◆ **PROVIDED ENTRIES**:
━━━━━━━━

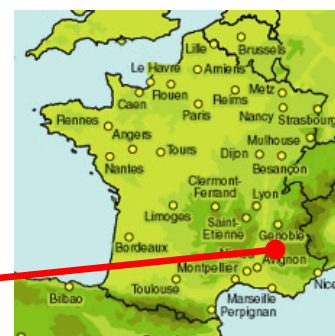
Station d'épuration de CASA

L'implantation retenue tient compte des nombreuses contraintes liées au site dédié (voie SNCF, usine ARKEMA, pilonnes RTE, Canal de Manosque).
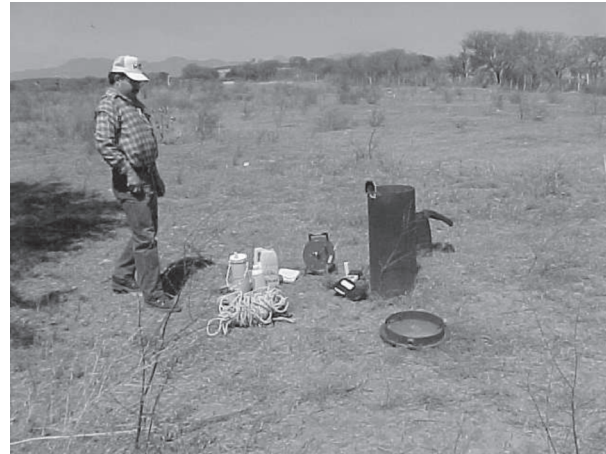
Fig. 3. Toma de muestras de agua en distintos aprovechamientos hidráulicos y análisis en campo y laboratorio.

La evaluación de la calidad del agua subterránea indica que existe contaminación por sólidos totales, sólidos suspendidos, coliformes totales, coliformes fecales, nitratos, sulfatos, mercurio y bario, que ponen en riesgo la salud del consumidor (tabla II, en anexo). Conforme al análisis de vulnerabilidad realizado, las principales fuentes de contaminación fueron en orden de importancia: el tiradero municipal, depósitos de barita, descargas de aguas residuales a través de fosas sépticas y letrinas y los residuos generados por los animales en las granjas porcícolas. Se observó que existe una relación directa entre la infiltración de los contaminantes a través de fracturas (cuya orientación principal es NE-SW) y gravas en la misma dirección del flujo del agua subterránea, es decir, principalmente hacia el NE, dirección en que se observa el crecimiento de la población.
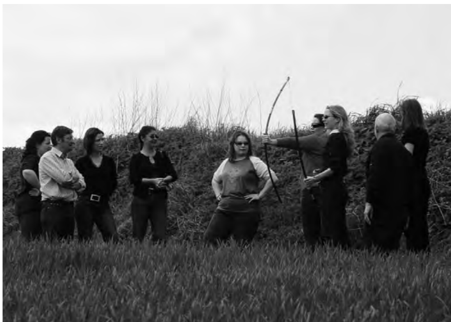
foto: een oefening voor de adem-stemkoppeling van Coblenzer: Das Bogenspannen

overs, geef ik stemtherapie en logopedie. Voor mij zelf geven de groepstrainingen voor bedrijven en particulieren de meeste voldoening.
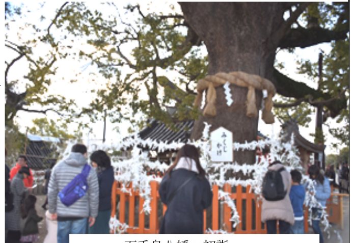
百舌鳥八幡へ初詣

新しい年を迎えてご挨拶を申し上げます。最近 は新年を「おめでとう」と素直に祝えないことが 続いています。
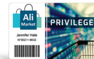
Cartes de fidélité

━━━━━━━━

◆ **WHAT YOU HAVE TO DO**: Copy the records above precisely, and leave every image out of the copy.

◆ **THE ANSWER**:
Station d'épuration de CASA

L'implantation retenue tient compte des nombreuses contraintes liées au site dédié (voie SNCF, usine ARKEMA, pilonnes RTE, Canal de Manosque).
Fig. 3. Toma de muestras de agua en distintos aprovechamientos hidráulicos y análisis en campo y laboratorio.

La evaluación de la calidad del agua subterránea indica que existe contaminación por sólidos totales, sólidos suspendidos, coliformes totales, coliformes fecales, nitratos, sulfatos, mercurio y bario, que ponen en riesgo la salud del consumidor (tabla II, en anexo). Conforme al análisis de vulnerabilidad realizado, las principales fuentes de contaminación fueron en orden de importancia: el tiradero municipal, depósitos de barita, descargas de aguas residuales a través de fosas sépticas y letrinas y los residuos generados por los animales en las granjas porcícolas. Se observó que existe una relación directa entre la infiltración de los contaminantes a través de fracturas (cuya orientación principal es NE-SW) y gravas en la misma dirección del flujo del agua subterránea, es decir, principalmente hacia el NE, dirección en que se observa el crecimiento de la población.
foto: een oefening voor de adem-stemkoppeling van Coblenzer: Das Bogenspannen

overs, geef ik stemtherapie en logopedie. Voor mij zelf geven de groepstrainingen voor bedrijven en particulieren de meeste voldoening.
百舌鳥八幡へ初詣

新しい年を迎えてご挨拶を申し上げます。最近 は新年を「おめでとう」と素直に祝えないことが 続いています。
Cartes de fidélité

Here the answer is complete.